Things the rule doesn't cover
The 4.7 percent rule quietly assumes you spend the same inflation-adjusted amount every single year. Which is insane if you think about it.
Real spending is lumpy. Your car dies. Your roof leaks. Your dog gets cancer and the surgery is $8,000. Your grandkid's wedding. These hit every couple of years and they're not in any model.
David Blanchett at PGIM looked at actual retiree spending in a 2014 paper. He found it drops about 1 percent a year in real terms through the middle of retirement. Then jumps back up near the end because of medical stuff. Researchers call it the retirement smile.
A flat 4 percent rule over-saves for most people who follow that pattern.
So what actually works
A few things I've come to believe after reading too much about this.
Don't pick a number and set it in stone. Markets move. Your health moves. Life moves. Check in every year and adjust.
If the first few years of your retirement hit a bad market, pull back. This is called sequence-of-returns risk. It's the thing that actually kills portfolios. A 2000 retiree who kept pulling 4 percent ran into trouble. Dot-com crash, then 2008, back to back. A 2000 retiree who cut back to 3 percent for a few years made it fine.
Keep a year or two of expenses in cash. Not for returns.
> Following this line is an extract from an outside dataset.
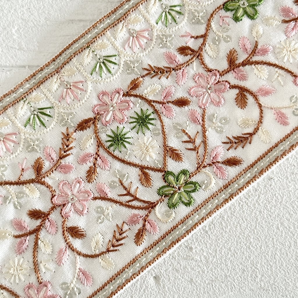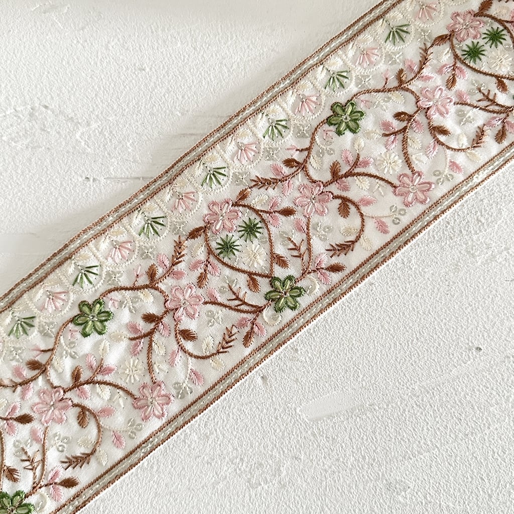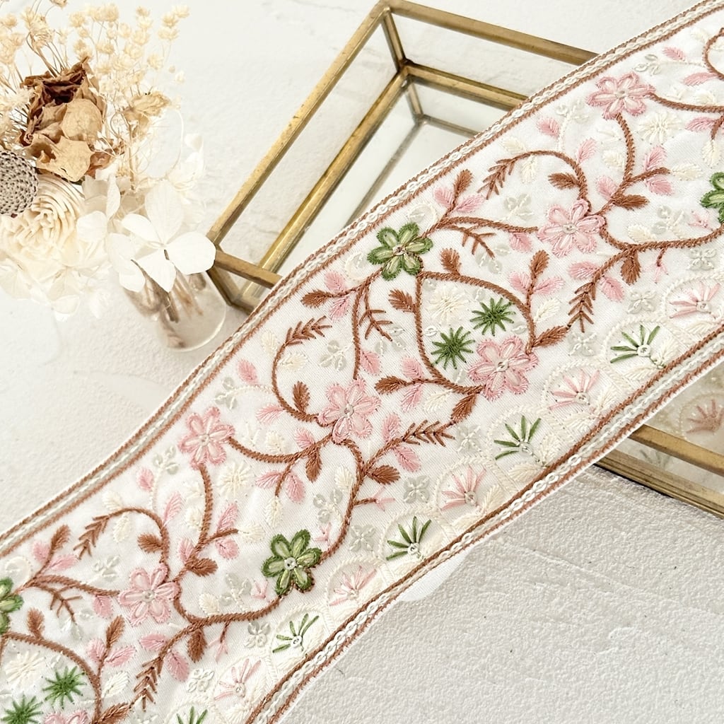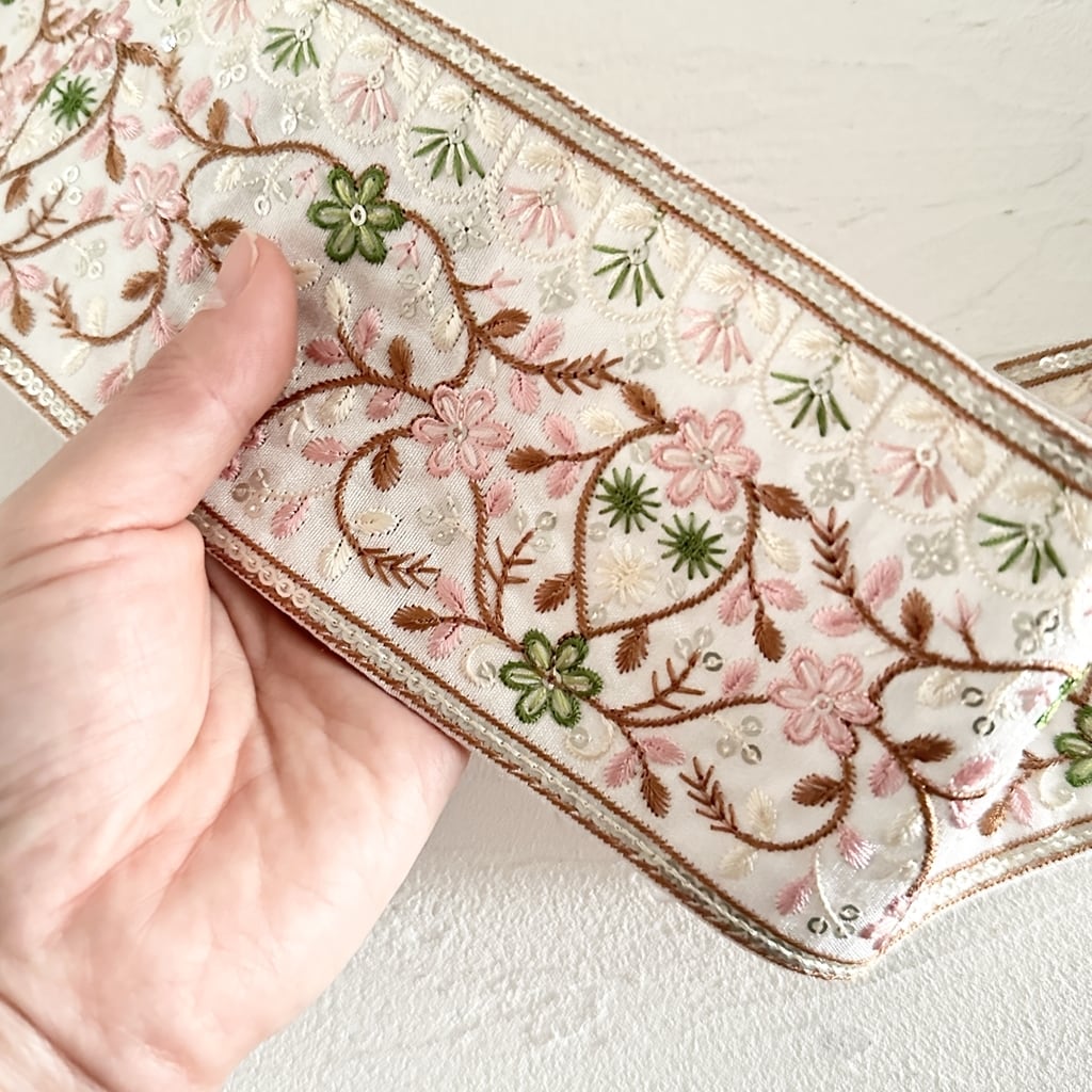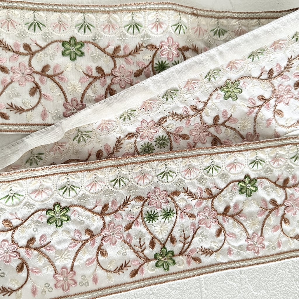 インド刺繍リボンは、細かい刺繍が施されていて色も鮮やかなリボンです。

For not having to sell stocks when stocks are down.
Have a range in mind, not a target. For most people, something between 4 and 5.5 percent is fine depending on the year. Some years you take the bottom of that range. Some years you take the top. You sleep better.
My own take on my dad's question
I told my dad he probably has enough. He has a decent pension from the utility he worked at for 31 years. Social Security. The house, paid off. Maybe $340,000 in his 401k.
He's going to be fine. He was always going to be fine.
What he actually wanted, I realized later, wasn't a number. He wanted someone to tell him it was okay to go on the Alaska trip my mom keeps mentioning. That was the whole question.
So I told him to go on the trip.
The technology changes. The math mostly doesn't.